Fast-forward 13 years, and judging from the panoply of brands that have presented themselves virtually this past week, the newfronts have come a long way — so much so that from here on in, it’ll be difficult to see where the newfronts end and the upfronts begin.
That’s because the pandemic has put so much momentum behind streaming TV the traditional TV players will have to play up their connected-TV options in order to guarantee advertisers can target the eyeballs fast fleeing linear TV. Look no further than the presence of NBCUniversal and Fox-owned Tubi sitting alongside leading threats to siphon TV ad dollars away, including YouTube, TikTok and Amazon.
In light of the increasingly blurry lines between the many players in streaming video, perhaps 2022 should be one big uberfront without artificial boundaries.
Gavin Bridge, Senior Media Analyst
Fox announced this week the latest update in figures for its free streaming service Tubi, as well as unveiled plans for the streamer during the newfronts. First, the stats: As has been standard, Fox said the quarterly revenue was, year-over-year, triple digits ahead for Tubi. This marks the final full quarter before Fox’s purchase a year ago and the inclusion of Fox assets, so I expect this growth to tamper down starting next quarter as we enter the second year of Fox ownership.
Of the three key metrics shared, two were good and one was a little troubling. The median age of U.S. Tubi viewers is now 37, up from 34 last year. Given Fox is relying on Tubi to sell to advertisers that can reach younger audiences than traditional broadcast and cable, the aging up of viewers will be a little concerning and something to pay attention to in coming quarters.
Total viewing time (TVT) increased from September 2020, the last time figures were reported, with March’s 275 million hours watched globally on Tubi an increase of 25%. The number of monthly average users in the U.S. and Canada also increased by 21% from Q3 2020, to 40 million.
The newfronts showed that Fox is moving on from sharing older seasons of Fox shows with Tubi and is now commissioning 150 hours of exclusive content for the service that should be ready in Q3. On top of that, there will be an NFL VOD section on Tubi for the start of the season, with games set to be multicast on the service per the new deal signed this spring.
One other sporting event to potentially be on Tubi this summer is the Copa America soccer tournament, to which Fox just announced the rights. It will be free to air on Univision, so adding reach will help advertisers as well as enable Tubi to have a test run for multicast coverage.
Kevin Tran, Media Analyst
Young digital media firms remain keen on M&A opportunities. Most recently representative of that is five-year-old site The Athletic, which WSJ yesterday reported is still looking for a merger partner to expand its subscription business. The sports pub reportedly now sees The New York Times as a leading merger candidate, rather than Axios, with which the site halted negotiations, the WSJ said Thursday.
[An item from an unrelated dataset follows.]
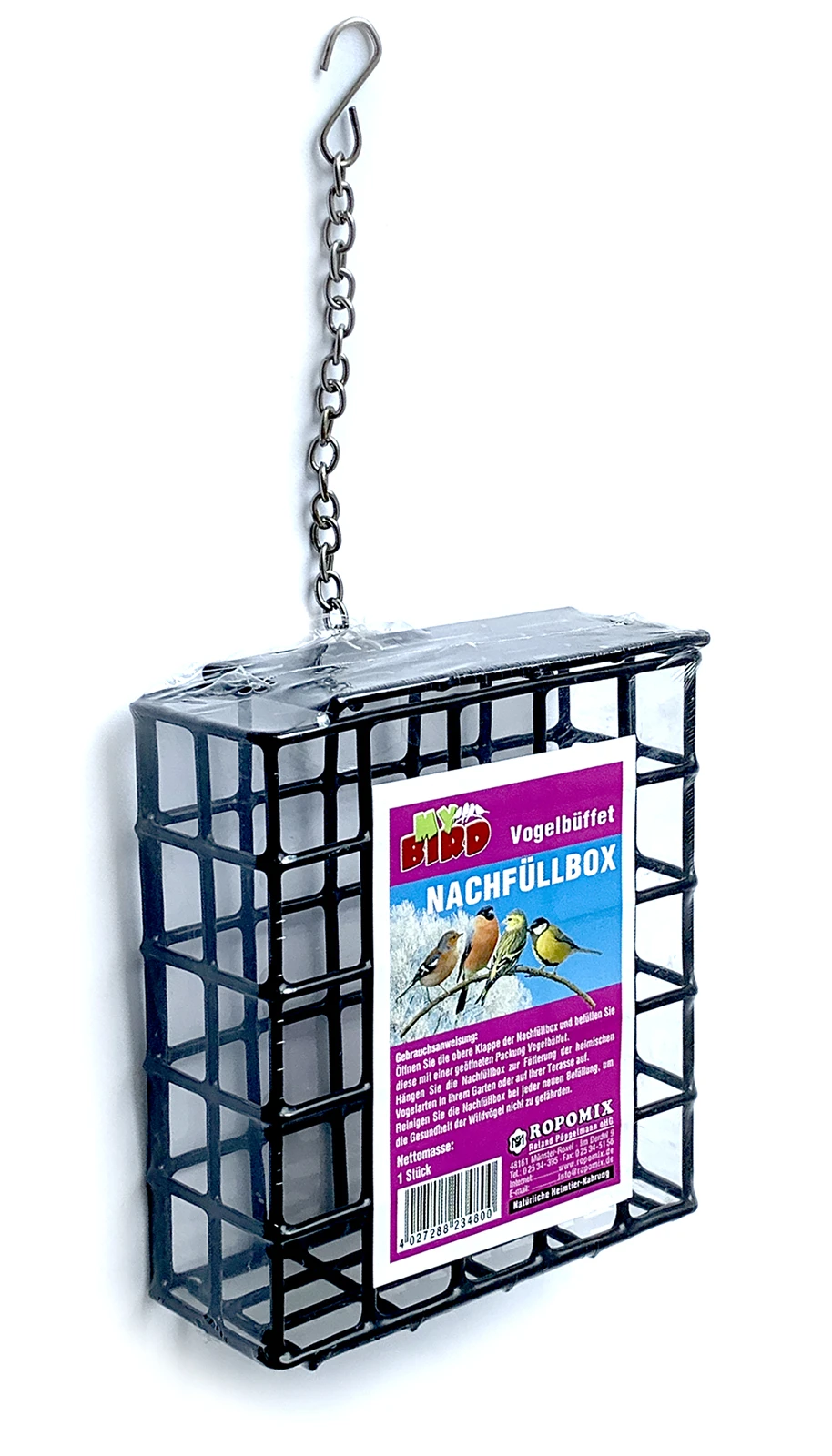 Öffnen Sie die obere Klappe der Nachfüllbox und befüllen Sie diese mit einer geöffneten Packung Vogelbüffet. Hängen Sie die Nachfüllbox zu Fütterung der heimischen Vogelarten in Ihrem Garten oder auf Ihrer Terrasse auf. Reinigen Sie die Nachfüllbox bei jeder neuen Befüllung, um die Gesundheit der Wildvögel nicht zu gefährden.
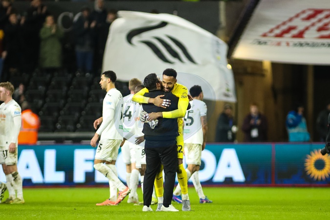 Swansea City Head Coach Vitor Matos embraces Swansea City goalkeeper Lawrence Vigouroux at the final whistle during the Sky Bet Championship match Swansea City vs Blackburn Rovers at Swansea.com Stadium, Swansea, United Kingdom, 20th January 2026, Credit:Andrew Lewis/News Images / Avalon

A tie-up between The Athletic (which counts over 1 million subs) and The New York Times (which just reported 5.3 million digital news-only subs) would mark one of the more interesting digital media M&A deals in recent memory. Mergers like Vice-Refinery29 and Vox-New York Media didn’t include publishing entities with news-subscription businesses as robust as those of The Athletic and NYT.
A tie–up between The Athletic and NYT could help accelerate growth in both brands’ subscriber bases. It seems likely both would still stand alone after a merger, given each is well established. Having separate brands underneath the same parent company paves the way for bundle deals where a consumer might be able to access both The Athletic and NYT at a price cheaper than paying for each separately.